The Seed Woman: heavy on historical details, light on story

The Seed Woman by Petra Durst-Benning (translated by Edwin Miles) is the first book of the Seed Trader’s Saga. Set in Gonningen, a village in the Swabian Mountains of Germany where seed trading is the main source of income for its residents in the 1850s. A young woman, Hannah Brettschneider, travels from Nuremberg to find Helmut Kerner, the eldest son of the wealthy Kerner family. She’s pregnant and Helmut is the father. Problem? He’s engaged to be married to Seraphine Schwarz. Helmut quickly marries Hannah and eventually Valentin, his brother, marries Seraphine as he has long loved her despite her affections for his brother. As everyone lives under one roof, jealousy and manipulations begin as the brothers plan to expand their business into other regions. Hannah begins to show interest in the seed trade and offer new ways to conduct business. Will they listen to Hannah, an outsider, and try her new methods? Will the business flourish?


I labored through this book. Pushing myself to finish it. I made it through 60% of the book when a particular scene made me stop.
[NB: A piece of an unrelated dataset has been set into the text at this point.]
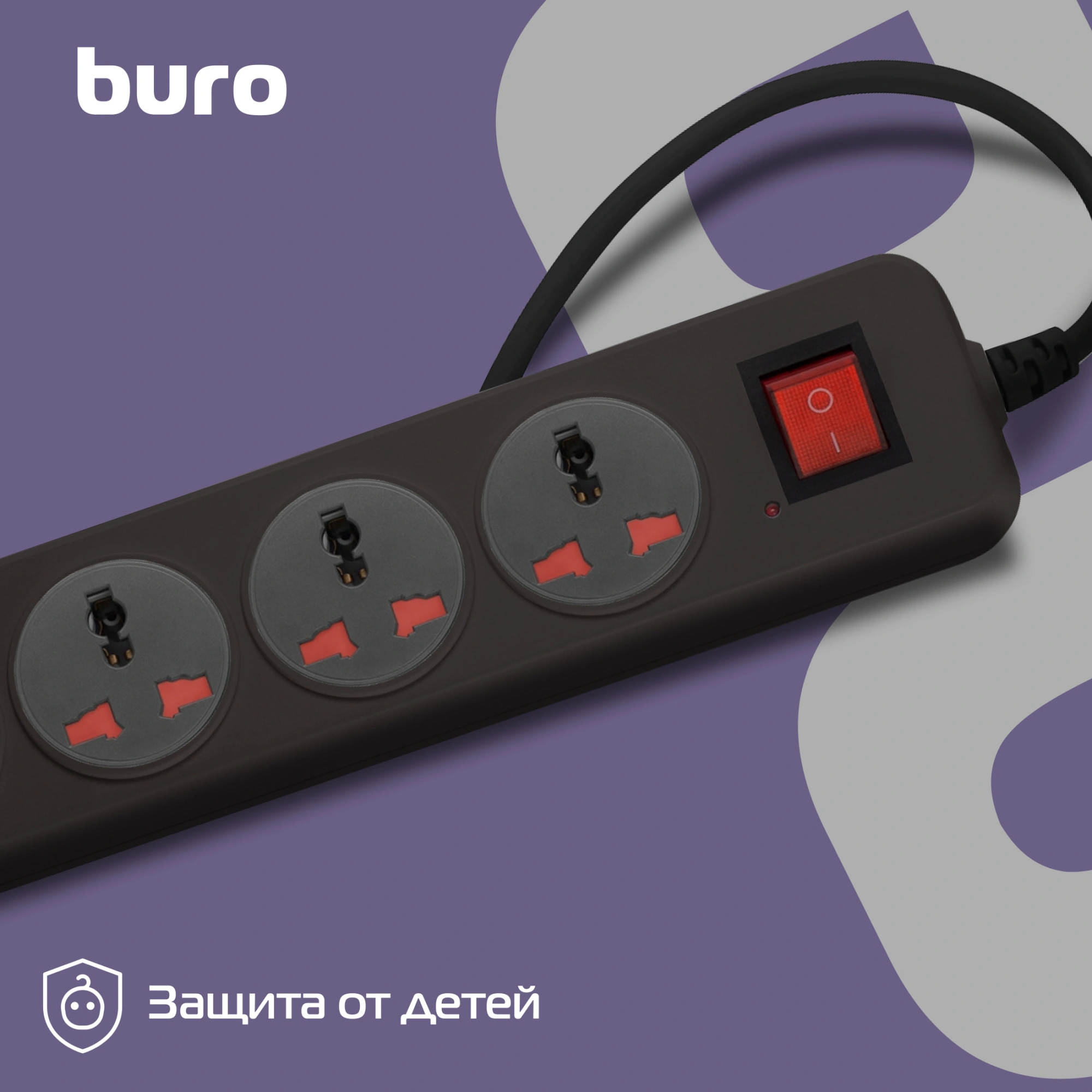 Сетевой фильтр Buro 500UNH-1.8-BG 1.8м (5 розеток) черный/серый (коробка)
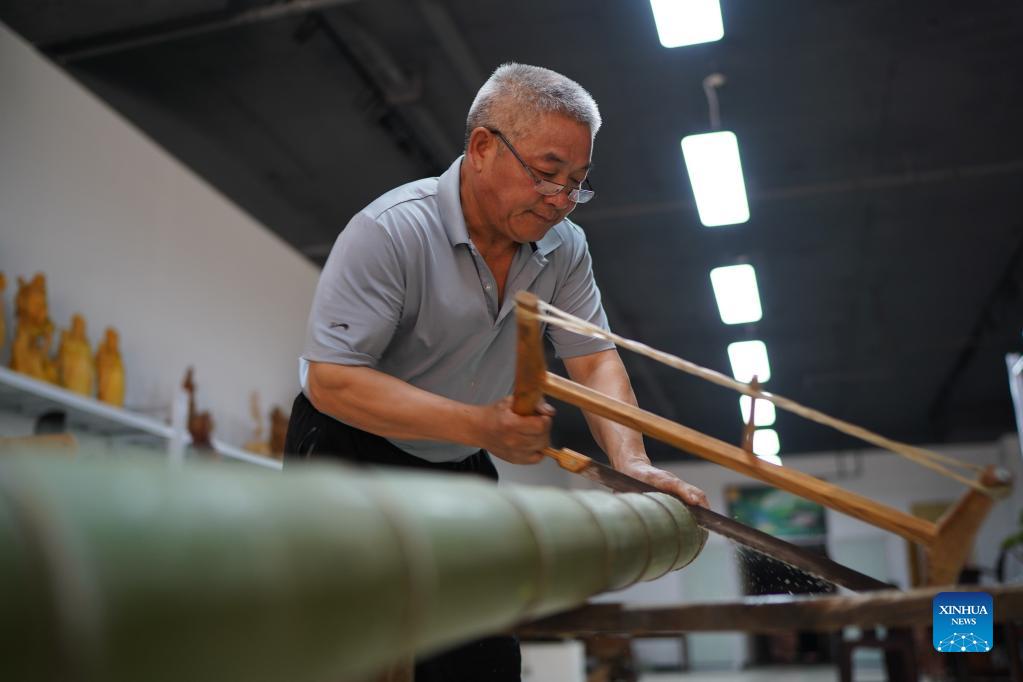 Li Nian'gen prepares raw material for his bamboo products in Dongcun Township, Fenyi County, Xinyu City of east China's Jiangxi Province, Sept. 2, 2021. Li Nian'gen, 62, is the fifth-generation inheritor of bamboo-weaving techniques in Dongcun Township. Li acquired bamboo-weaving techniques from his uncle when he was barely nine years old, and started to make a living on his own at the age of 15. More than 20 of his apprentices chose to seek employment for better income in other walks of life away from home in early 1990s, but Li decided to stay and stick to his profession. Li occasionally demonstrated his bamboo-weaving techniques on a video clip platform as suggested by others in 2019, and became increasingly popular ever since then. Now Li has more than 8 million followers on different platforms, with his short videos popular among netizens. (Xinhua/Zhou Mi)

It would so disturbing and unsettling that I didn’t want to continue. I realized that I didn’t care about the characters, especially Seraphine who was a bitch as she treats Valentin horribly and plots to worm her way back into Helmut’s heart, who didn’t love her in the first place and saw Hannah’s arrival as a blessing in disguise. The details of the regions and the seed trade are extensive and beautiful. I liked Hannah as the hardworking outsider who shows the village that there are other ways to do things. And she was the only character I liked. I do not recommend The Seed Woman. It is one of those historical novels where the historical details are extensive with very little or unexciting action.